“That’s it?”
“For now.”
“Well, that’s just fucking fine.”
“Tomorrow,” Johnny said. “Five o’clock. I’ll come to your apartment.”
“And your parents?”
“Right after. We’ll have that dinner. The four of us.” It was a difficult moment because Jack wanted his friend, and Johnny wanted the walk, to feel it build. “Are we square?”
Jack nodded slowly, and to Johnny it was an ending. He stepped back, and waited as Jack turned across the empty pavement. When he was gone, Johnny walked the bent road and the long, sweet dirt. He climbed a buckled gate, and then another, until home was a line through the forest, a shimmer he could actually see. Maybe that was wishful thinking, or delirium. It didn’t matter. He stepped over the line, and felt the place flood into him. It was a weight, a warmth; and with all that heat inside, Johnny folded into the earth as if he were an orphan child and the Hush his mother, resurrected.
* * *
When Jack returned to town, he went to the office. His billable hours were way down, and he was most likely on a blacklist over Johnny’s apparent involvement with Boyd’s death, and the sudden loss of that potential revenue. Some partners were reasonable; others lived on ego, spite, and power. That was the nature of the business, and something Jack understood by the second year of law school. It still mattered to him, though: the diplomas, the nameplate on the door. That was about growing up voiceless and small and crippled. Jack loved his career for the same reason he loved Johnny—because they were the only things of worth to survive that childhood.

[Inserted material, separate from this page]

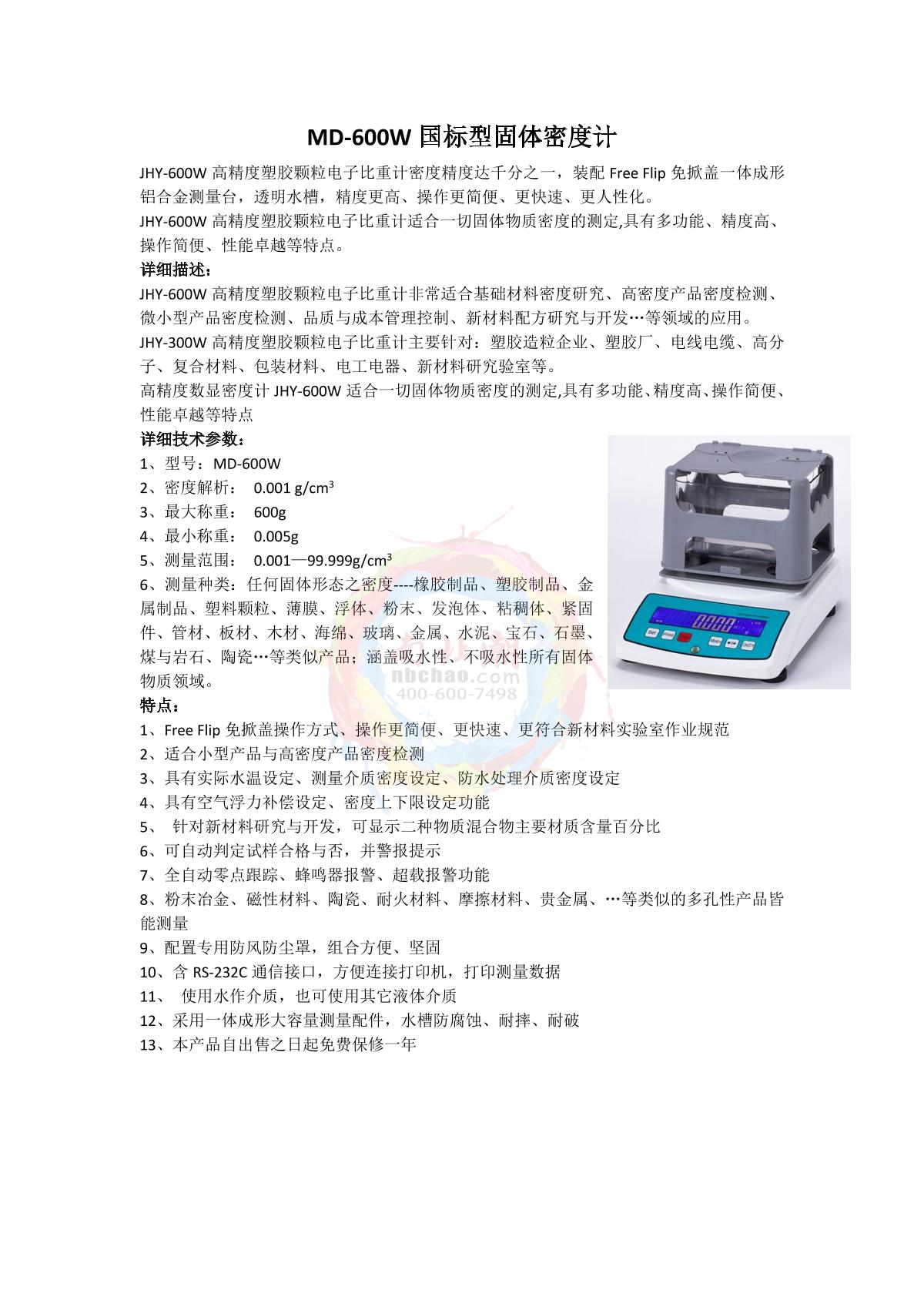 JinHeYuan JHY-600W Solid Density Meter brochure

“Susan.” He spoke to an assistant; nodded at an associate beyond an open door. He kept a smile on his face, but it was all an act. A paralegal brushed his shoulder, and he flinched. Cold eyes watched from a corner office. Safe in his own space, Jack closed his door against the firm, trying to understand why it felt so pointless and shallow and false.
Because it is.
The smiles. The brief nods. Had Johnny killed William Boyd, it would have gone away, all of it. And people expected it to. That’s what he’d seen on the way in. Surprise and pity and dislike. Jack’s suspicion was confirmed when he turned for the desk and saw the daily paper with a photo of Johnny and of a private jet beneath bold print reading, BILLIONAIRE’S FAMILY ARRIVES AT LOCAL AIRPORT, NOTORIOUS LOCAL STILL IN CUSTODY. Beside the paper was a battered copy of the book about Alyssa’s death and Johnny’s childhood. Jack’s picture was in there somewhere. The sunburned face. The gimp arm.
People don’t know …
They thought Johnny was still in jail, thought Jack’s best friend was a killer. The firm would never fire him for that—it would be impolitic—but Jack had been found guilty by association. For a moment, Jack was frozen; then the anger came, a coal of it down low.
“Who put this in my office?”
He was in the doorway, and people were staring.
“Susan? Mark?”
A dozen people were close enough to hear, but no one met his gaze.
“Is there a problem?” A senior associate stepped from the adjacent office and looked pointedly at his watch. “Nice of you to join us today.”
Jack raised the paper. “Did you put this on my desk?”
“It’s a newspaper, Mr. Cross. I’m sure there’s one on most desks in the building.”
“He’s no killer,” Jack said. “They let him go this afternoon.”
“I’m sure we don’t care.”
He turned away and left Jack in a bubble of quiet rage. Heads were still down, no one looking. Back in his office, Jack tossed the paper, tossed the book. His anger felt foreign and strange. He’d known so much of it during childhood that he’d trained himself to go cold rather than hot, to think before reacting. It’s why the law appealed, because it was cerebral and offered control.
But Jack had no control.
Emotion moved him from the door to the window and back, then awareness settled like a cool fog. It wasn’t anger, but fear.
Jack was frightened of losing his friend.
Choosing files at random, Jack stepped from the office and stopped at an assistant’s desk. “I’m working at home this afternoon. Call me there if anyone needs me.”
“Yes, sir.” The young woman nodded, and Jack turned. “Oh, sir. Excuse me. Messages.”
She held out a sheaf of messages, and Jack took them without a word. From the downstairs lobby, he pushed onto the sidewalk and turned for the apartment. It was hot, traffic moving. Three cars down, he saw two men in an Escalade, but paid no attention. They were watching, but he didn’t care. Maybe it was the bad arm, the fast walk. A right turn took him past condos and the local bank. Two blocks after taking a left, he slipped into a door beside the bakery and pounded narrow stairs to his apartment on the third floor. Behind the heavy door, he put down his things, splashed water on his face, and sat in the gloom beside drawn curtains.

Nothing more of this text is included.